22:54:00 <fungot> fizzie: i think there's a very limited area in fact.
22:54:13 <fizzie> fungot: What do you mean? Everyone wants a fungot!
22:54:13 <fungot> fizzie: if you don't find a solution to the first argument
22:54:29 <fizzie> Very uncooperative bot, that.
22:54:40 <nooga> where's the source?
22:54:53 <fizzie> http://zem.fi/~fis/fungot.b98.txt
22:54:54 <fungot> fizzie: musta on aika väärin, ettei jotkut ihmiset tajuu irkkaa 24/ 7 on his phd thesis
22:55:32 -!- jix has quit ("...").
22:57:14 <nooga> it looks like nice noise
22:57:16 <fizzie> That was a bit of Finnish there.
22:58:07 <fungot> ehird: lament sent it if i'm right, you're still here, i'd add to that set? hm. i've got it now
22:58:13 <fungot> ehird: as bf interpreted in bf is with a fnord struct, where the voter can't even know for sure
22:58:16 <fizzie> Mixed in with #esoteric and #scheme, there's a tiny bit of ircnet's #douglasadams, which occasionally has had few lines of Finnish.
22:58:52 <nooga> who did that awesome ttd logic thingy?
22:59:14 <nooga> i forgot that it was you
22:59:23 <ehird> What ar eyou talkin' bout?
22:59:33 <fizzie> ehird: Probably http://zem.fi/ttd_logic/
23:02:29 <nooga> what is the language used in section 3.4. The 4-bit adder
23:02:44 <fizzie> It's just some unnamed pseudocode, I think.
23:03:30 <fizzie> It looks a bit like a horrible mixture of MATLAB and C, though.
23:03:48 <ehird> finnish = matlab + c
23:05:16 <nooga> looks as if i could use something like this as an input language for my logic circuit integrator
23:21:52 <MizardX> Heh. When I compile the brainfuck-interpreter from redivider into python code, I get 15467 lines (almost 400kb)
23:28:54 <MizardX> 12k of those lines are the atoi/itoa code.
23:32:48 <MizardX> The redivider source: http://esoteric.voxelperfect.net/wiki/Redivider/Brainfuck_Interpreter
23:36:30 -!- warrie has joined.
23:36:34 <warrie> Someone say Redivider?
23:38:47 <ehird> MizardX: warrie invented redivider
23:38:52 <ehird> You should show him your redivider stuffs.
23:40:19 <warrie> Hmm, looks like optbot is absent.
23:41:14 <ehird> I'll get him up sometime.
23:41:20 <GregorR> Awesome (generated) color scheme: [["#082E17"],["#DCEBFD"],["#46DE87"]]
23:41:30 <ehird> GregorR: Show in a more human form? :P
23:41:37 <GregorR> ehird: I can't.
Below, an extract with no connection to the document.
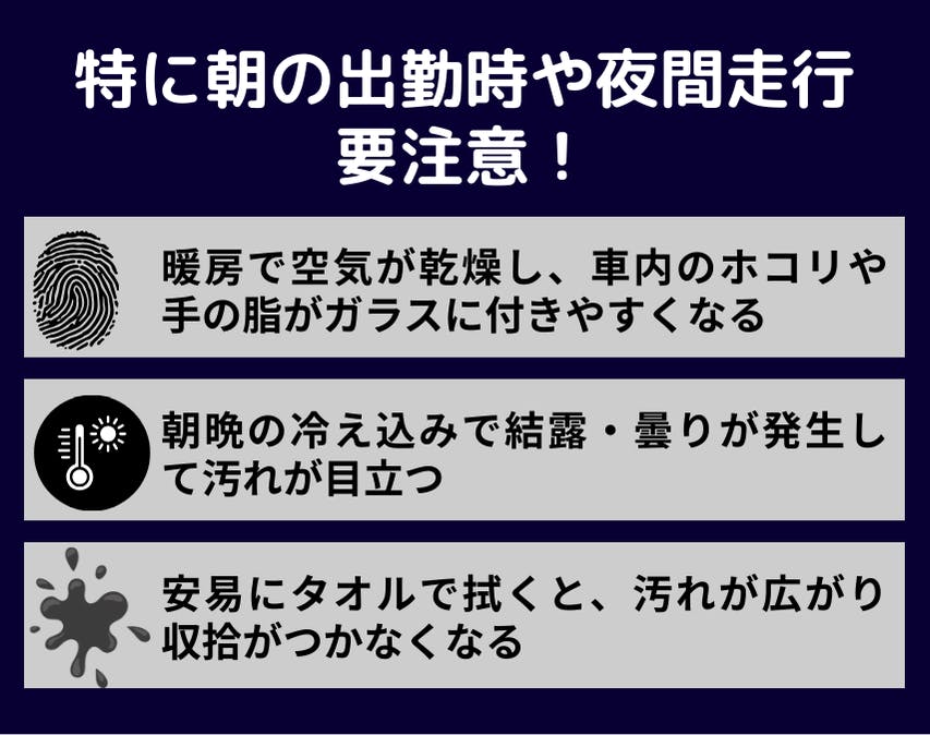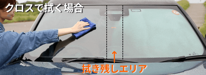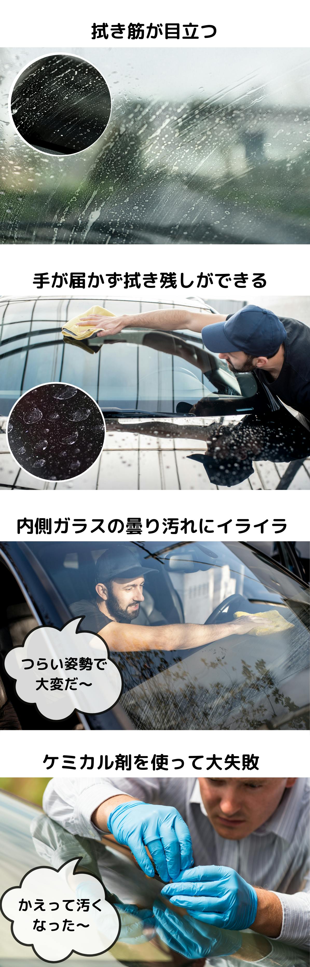 また、愛車のフロントガラスは傾斜がきついため、ガラスの内側を拭くこと自体が大変な上、安易に汚れたタオルで拭こうものなら、曇り汚れを広げるばかりでうまくいきませんでした。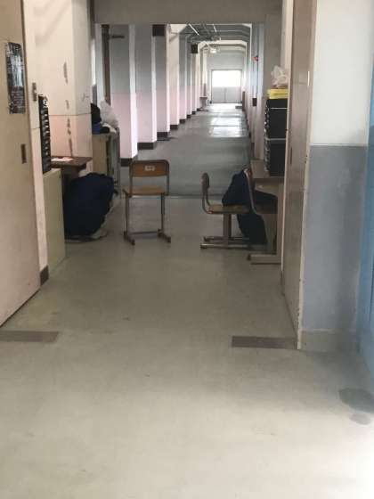 先日行われた避難訓練の続きの写真です。生徒たちは一生懸命頑張っていました。

This is IRC.
23:41:45 <ehird> GregorR: URIs. Use 'em.
23:41:58 <GregorR> Is there an HTML pastebin somewhere? X-P
23:43:06 <ehird> GregorR: Yes, it's called scp.
23:43:15 <GregorR> <html><head><style>body{background-color:#082E17;color:#DCEBFD;};a{color:#46DE87;};</style></head><body>This is a <a href="#">test</a>.</body></html>
23:43:16 <ehird> abuse hpaste's raw feature
23:43:30 <ehird> Due to the ongoing War on Spam, pastes may not contain HTML links. Please remove or obfuscate and try again. (In most browsers, pressing Back will leave the entry space filled in.)
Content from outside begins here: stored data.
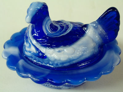COBALT MILK SLAG GLASS HEN CHICKEN ON NEST BASKET DISH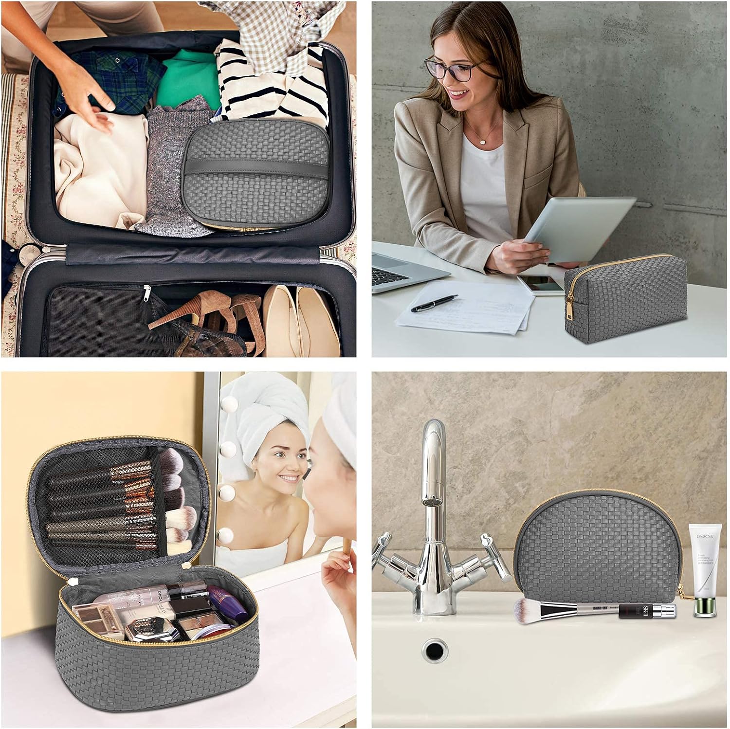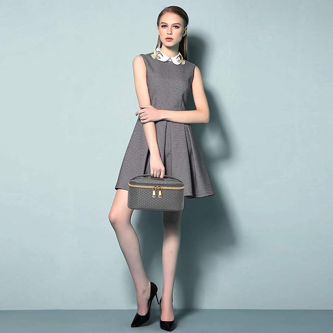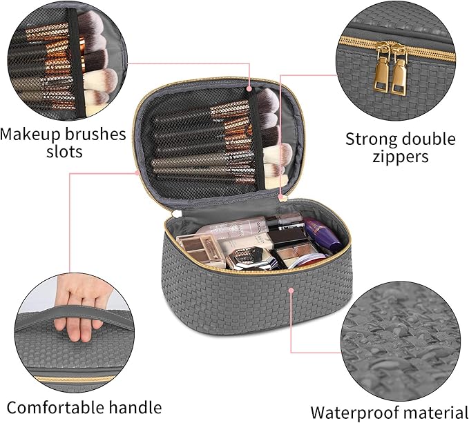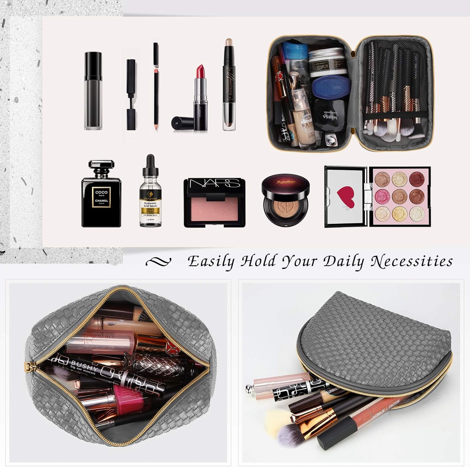 - Durable & Water-Resistant: Classic and elegant cosmetic bag is made of PU woven leather and polyester lining. It is durable, waterproof, dirt-resistant and scratch resistant. Coupled with the advanced and smooth metal double zipper design, when the tools are stored neatly, you will easily get what you need.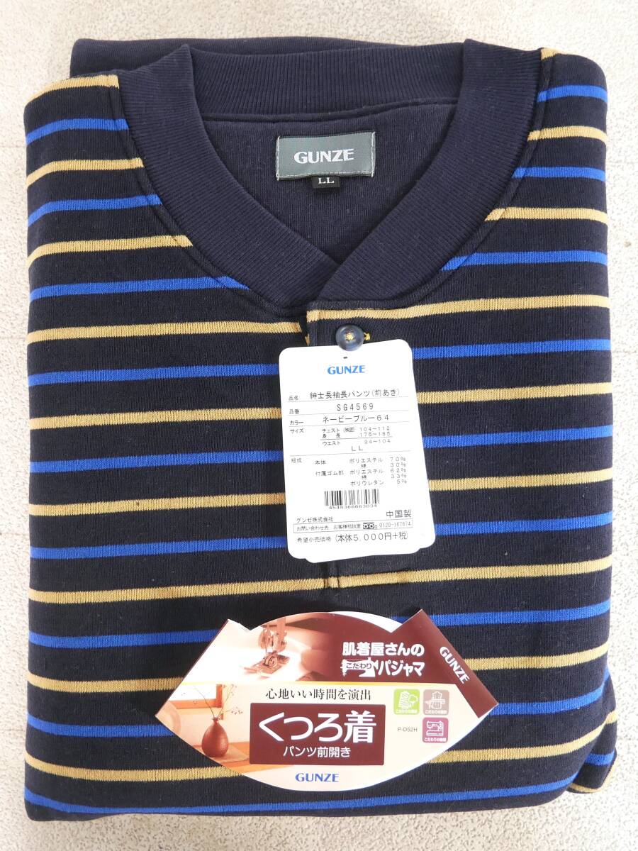 - ■GUNZE グンゼ◇メンズ 紳士長袖・長パンツパジャマ くつろ着(前あき) LLサイズ ネイビーブルー64【SG4569】■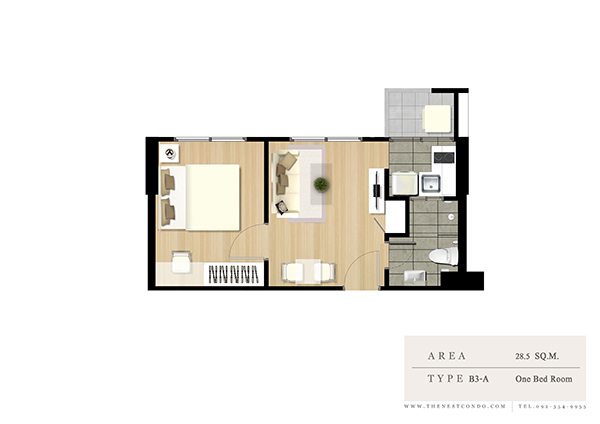 ภาพห้องตัวอย่างแบบ 1 ห้องนอน ขนาด 28.5 ตร.ม.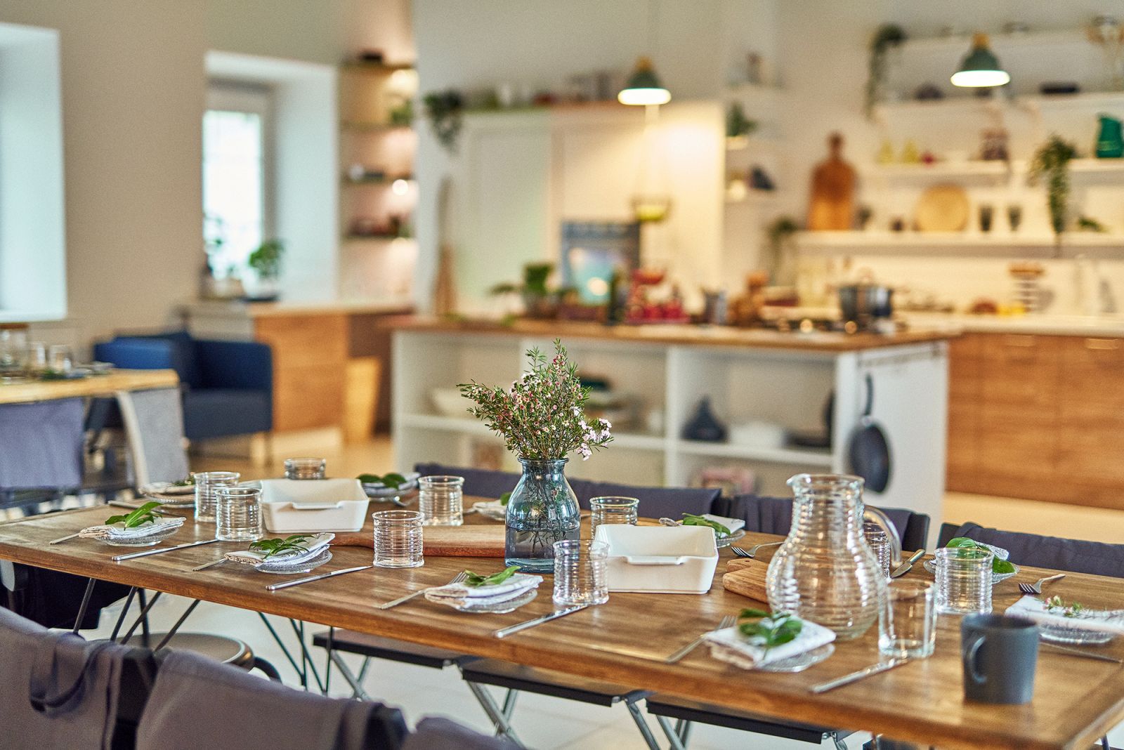 Площадь open space в 103 кв2 удобно зонирована: большой кухонный остров (110х220), техническая кухня, обеденная зона со столом на 8-10 человек (количество посадочных мест может быть увеличено до 16-18, мы привезем дополнительный стол). Каждая из кухонь оборудована плитой, духовкой, холодильником, раковиной и вытяжкой.

23:43:33 <MizardX> warrie: I wrote the linked stuff at the bottom of http://esoteric.voxelperfect.net/wiki/Redivider ... and now also a redivider -> python compiler
23:43:56 <GregorR> ehird: Just put it in an effing file X-P
23:44:37 <GregorR> Hm, the link didn't show as the right color.
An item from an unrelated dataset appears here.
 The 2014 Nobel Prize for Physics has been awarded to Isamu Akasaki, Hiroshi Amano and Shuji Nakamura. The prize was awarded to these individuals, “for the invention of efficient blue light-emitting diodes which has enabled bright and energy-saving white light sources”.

23:45:12 <GregorR> <html><head><style>body{background-color:#082E17;color:#DCEBFD;};a:link{color:#46DE87;};</style></head><body>This is a <a href="#">test</a>.</body></html>
23:45:45 <GregorR> <html><head><style>body{background-color:#082E17;color:#DCEBFD;} a{color:#46DE87;}</style></head><body>This is a <a href="#">test</a>.</body></html>
23:45:49 <nooga> redivider looks nice
23:46:14 <ehird> GregorR: or just }a{
23:47:28 <nooga> gaaaaaaaaaaaaaaaaaaaaaaaaaaaaaaaaaaaaaaaaaaaaaaa iiiii neeeed fooooood
23:51:03 <olsner> your noms are missing the 'n's
23:52:19 <Corun> Your nom chain is missing the initial om
23:53:17 <Corun> (That's different to "applies", btw)
23:54:56 -!- nooga has quit ("Lost terminal").